More majordomo info at  http://vger.kernel.org/majordomo-info.html
Please read the FAQ at  http://www.tux.org/lkml/

 
 
 

2.5.68 Fix IO_APIC IRQ assignment bug

Post by Linus Torval » Tue, 22 Apr 2003 01:10:04




Quote:

> Looks like the fix for the "ran out of interrupt sources" panic
>has a problem.  It will eventually assign a device the same IRQ
>number as the first system vector, i.e. the local APIC timer.

Good call.

Although I suspect you need about a million interrupt sources to hit
this, since FIRST_SYSTEM_VECTOR is somethign like 0xef, and thus you can
hit it only when "offset" has already been incremented seven times
(which implies that we've walked the whole vector space quite a few
times by then).

Did you actually see this on hardware?

Anyway, applied as obvious.

                Linus
-
To unsubscribe from this list: send the line "unsubscribe linux-kernel" in

More majordomo info at  http://vger.kernel.org/majordomo-info.html
Please read the FAQ at  http://www.tux.org/lkml/

 
 
 

2.5.68 Fix IO_APIC IRQ assignment bug

Post by Linus Torval » Tue, 22 Apr 2003 01:10:07




Quote:

> I found this while trying to forward-port my .66 patch to make
>the redirect table look like this:

Btw, why would you _want_ your redirect table to look like that?

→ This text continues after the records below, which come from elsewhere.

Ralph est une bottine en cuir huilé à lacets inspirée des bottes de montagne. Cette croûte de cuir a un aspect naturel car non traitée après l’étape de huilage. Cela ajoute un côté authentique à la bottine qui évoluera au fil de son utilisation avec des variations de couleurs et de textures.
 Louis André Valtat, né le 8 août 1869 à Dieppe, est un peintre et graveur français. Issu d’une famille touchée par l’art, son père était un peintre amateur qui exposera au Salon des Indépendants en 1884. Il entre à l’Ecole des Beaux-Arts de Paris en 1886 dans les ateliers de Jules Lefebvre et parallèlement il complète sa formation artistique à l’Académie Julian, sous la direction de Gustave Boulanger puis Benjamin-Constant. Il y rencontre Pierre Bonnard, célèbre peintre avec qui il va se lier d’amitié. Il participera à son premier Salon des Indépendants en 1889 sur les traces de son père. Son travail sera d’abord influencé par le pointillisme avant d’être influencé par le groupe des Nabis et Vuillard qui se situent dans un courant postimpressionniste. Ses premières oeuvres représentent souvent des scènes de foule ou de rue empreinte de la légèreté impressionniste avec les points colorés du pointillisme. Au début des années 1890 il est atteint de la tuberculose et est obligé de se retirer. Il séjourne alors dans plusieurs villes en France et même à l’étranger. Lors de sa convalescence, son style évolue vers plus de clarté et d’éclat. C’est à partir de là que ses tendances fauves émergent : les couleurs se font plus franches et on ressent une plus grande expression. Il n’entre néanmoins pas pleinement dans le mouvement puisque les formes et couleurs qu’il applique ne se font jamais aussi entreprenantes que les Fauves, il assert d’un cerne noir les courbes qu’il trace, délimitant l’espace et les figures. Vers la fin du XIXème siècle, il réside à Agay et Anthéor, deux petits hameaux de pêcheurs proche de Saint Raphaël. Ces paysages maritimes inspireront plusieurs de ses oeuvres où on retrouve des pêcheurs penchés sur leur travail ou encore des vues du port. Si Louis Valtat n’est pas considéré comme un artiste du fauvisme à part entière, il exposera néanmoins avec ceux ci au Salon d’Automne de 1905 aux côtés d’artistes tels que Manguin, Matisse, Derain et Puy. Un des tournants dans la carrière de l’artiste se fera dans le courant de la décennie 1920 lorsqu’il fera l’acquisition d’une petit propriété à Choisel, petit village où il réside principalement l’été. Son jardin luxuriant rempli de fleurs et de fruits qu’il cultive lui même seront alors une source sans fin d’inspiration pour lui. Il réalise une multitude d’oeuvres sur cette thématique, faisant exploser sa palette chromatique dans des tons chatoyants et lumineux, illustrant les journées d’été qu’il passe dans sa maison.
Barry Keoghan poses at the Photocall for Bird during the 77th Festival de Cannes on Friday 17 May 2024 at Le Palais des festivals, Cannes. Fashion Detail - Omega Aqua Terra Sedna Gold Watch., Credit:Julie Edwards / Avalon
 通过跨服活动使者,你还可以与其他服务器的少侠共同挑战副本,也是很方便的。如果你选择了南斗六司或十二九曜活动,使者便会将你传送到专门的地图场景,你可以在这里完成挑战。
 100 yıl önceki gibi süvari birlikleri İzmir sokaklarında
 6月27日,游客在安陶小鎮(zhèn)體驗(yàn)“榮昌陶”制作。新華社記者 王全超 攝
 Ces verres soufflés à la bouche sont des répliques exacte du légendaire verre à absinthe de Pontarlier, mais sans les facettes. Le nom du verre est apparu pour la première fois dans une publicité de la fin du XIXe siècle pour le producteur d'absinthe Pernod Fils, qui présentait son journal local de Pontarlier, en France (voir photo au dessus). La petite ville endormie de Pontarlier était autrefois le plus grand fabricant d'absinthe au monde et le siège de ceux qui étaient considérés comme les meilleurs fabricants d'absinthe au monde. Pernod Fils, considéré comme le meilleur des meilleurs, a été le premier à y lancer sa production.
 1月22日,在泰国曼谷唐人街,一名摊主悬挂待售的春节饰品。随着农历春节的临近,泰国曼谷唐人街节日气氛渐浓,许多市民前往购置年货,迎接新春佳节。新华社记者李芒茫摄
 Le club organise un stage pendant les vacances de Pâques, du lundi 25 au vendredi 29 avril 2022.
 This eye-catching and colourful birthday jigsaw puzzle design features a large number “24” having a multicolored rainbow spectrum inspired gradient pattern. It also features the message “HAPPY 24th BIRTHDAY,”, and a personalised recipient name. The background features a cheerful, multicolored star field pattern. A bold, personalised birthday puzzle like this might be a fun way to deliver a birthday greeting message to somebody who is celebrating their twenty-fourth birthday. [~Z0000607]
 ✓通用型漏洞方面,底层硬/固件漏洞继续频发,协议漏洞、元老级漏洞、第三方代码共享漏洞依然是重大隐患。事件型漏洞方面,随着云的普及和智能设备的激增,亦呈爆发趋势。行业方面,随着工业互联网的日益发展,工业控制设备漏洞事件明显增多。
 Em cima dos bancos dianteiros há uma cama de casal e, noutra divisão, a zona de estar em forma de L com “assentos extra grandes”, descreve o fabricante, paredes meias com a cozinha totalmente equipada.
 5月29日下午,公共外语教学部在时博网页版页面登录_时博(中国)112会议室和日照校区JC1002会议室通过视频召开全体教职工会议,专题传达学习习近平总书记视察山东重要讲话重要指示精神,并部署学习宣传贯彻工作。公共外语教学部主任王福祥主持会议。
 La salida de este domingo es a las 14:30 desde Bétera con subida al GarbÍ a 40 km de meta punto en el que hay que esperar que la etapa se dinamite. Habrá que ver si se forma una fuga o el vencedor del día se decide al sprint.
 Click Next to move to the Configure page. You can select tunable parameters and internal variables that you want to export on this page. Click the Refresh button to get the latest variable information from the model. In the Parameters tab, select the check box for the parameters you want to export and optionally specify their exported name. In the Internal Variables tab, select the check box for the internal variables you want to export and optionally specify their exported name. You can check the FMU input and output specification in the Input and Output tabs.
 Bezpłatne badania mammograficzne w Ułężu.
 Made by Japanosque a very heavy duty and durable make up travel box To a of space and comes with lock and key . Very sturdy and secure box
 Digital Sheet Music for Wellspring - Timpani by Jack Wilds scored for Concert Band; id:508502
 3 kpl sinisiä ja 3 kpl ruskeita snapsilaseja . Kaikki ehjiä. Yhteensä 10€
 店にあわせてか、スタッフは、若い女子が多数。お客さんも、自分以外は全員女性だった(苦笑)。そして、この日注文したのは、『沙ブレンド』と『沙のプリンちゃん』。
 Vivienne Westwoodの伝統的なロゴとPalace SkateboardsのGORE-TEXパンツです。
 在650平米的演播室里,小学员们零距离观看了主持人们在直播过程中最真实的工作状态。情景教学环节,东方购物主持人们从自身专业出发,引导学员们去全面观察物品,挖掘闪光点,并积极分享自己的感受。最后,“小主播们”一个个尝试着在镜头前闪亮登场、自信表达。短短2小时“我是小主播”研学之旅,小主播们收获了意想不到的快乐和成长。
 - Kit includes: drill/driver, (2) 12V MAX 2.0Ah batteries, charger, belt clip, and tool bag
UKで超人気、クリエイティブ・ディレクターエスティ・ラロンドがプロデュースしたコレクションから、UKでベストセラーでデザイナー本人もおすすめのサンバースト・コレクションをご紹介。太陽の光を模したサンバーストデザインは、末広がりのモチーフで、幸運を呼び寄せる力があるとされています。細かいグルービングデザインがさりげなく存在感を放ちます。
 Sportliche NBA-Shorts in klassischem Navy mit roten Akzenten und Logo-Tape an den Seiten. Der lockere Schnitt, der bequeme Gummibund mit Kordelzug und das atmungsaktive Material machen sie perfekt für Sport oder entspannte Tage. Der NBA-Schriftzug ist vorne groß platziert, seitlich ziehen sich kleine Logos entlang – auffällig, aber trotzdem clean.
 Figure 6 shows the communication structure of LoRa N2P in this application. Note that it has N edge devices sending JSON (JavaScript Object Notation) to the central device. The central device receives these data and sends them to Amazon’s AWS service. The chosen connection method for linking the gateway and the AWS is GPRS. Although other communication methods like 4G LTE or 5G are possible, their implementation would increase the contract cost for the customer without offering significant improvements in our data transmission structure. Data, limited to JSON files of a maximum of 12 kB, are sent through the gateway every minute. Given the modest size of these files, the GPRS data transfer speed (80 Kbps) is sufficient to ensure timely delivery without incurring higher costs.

Quote:> NR Log Phy Mask Trig IRR Pol Stat Dest Deli Vect:  
> 00 001 01  0    0    0   0   0    1    1    E7     <== timer at level E
> 01 001 01  0    0    0   0   0    1    1    30     <== start at 30, not 31

Starting at 31 is better, because..

Quote:> 02 000 00  1    0    0   0   0    0    0    00
> 03 001 01  0    0    0   0   0    1    1    38
> 04 001 01  0    0    0   0   0    1    1    40
> 05 001 01  0    0    0   0   0    1    1    48
> 06 001 01  0    0    0   0   0    1    1    50
> 07 001 01  0    0    0   0   0    1    1    58
> 08 001 01  0    0    0   0   0    1    1    60
> 09 001 01  0    0    0   0   0    1    1    68
> 0a 001 01  0    0    0   0   0    1    1    70
> 0b 001 01  0    0    0   0   0    1    1    78
> 0c 001 01  0    0    0   0   0    1    1    88     <== only one device at 8

Then we'd have devices at 81 and 89 (two per block of 16 is ok, but 80
isn't ok because we use that for system calls).

And having two devices in the 8x series means that it takes more irq
sources to overflow and start to re-use the 3x block - and we want to
delay re-using the 3x block as long as possible due to the silly "only
one pending irq per block" rule that some intel APIC's have.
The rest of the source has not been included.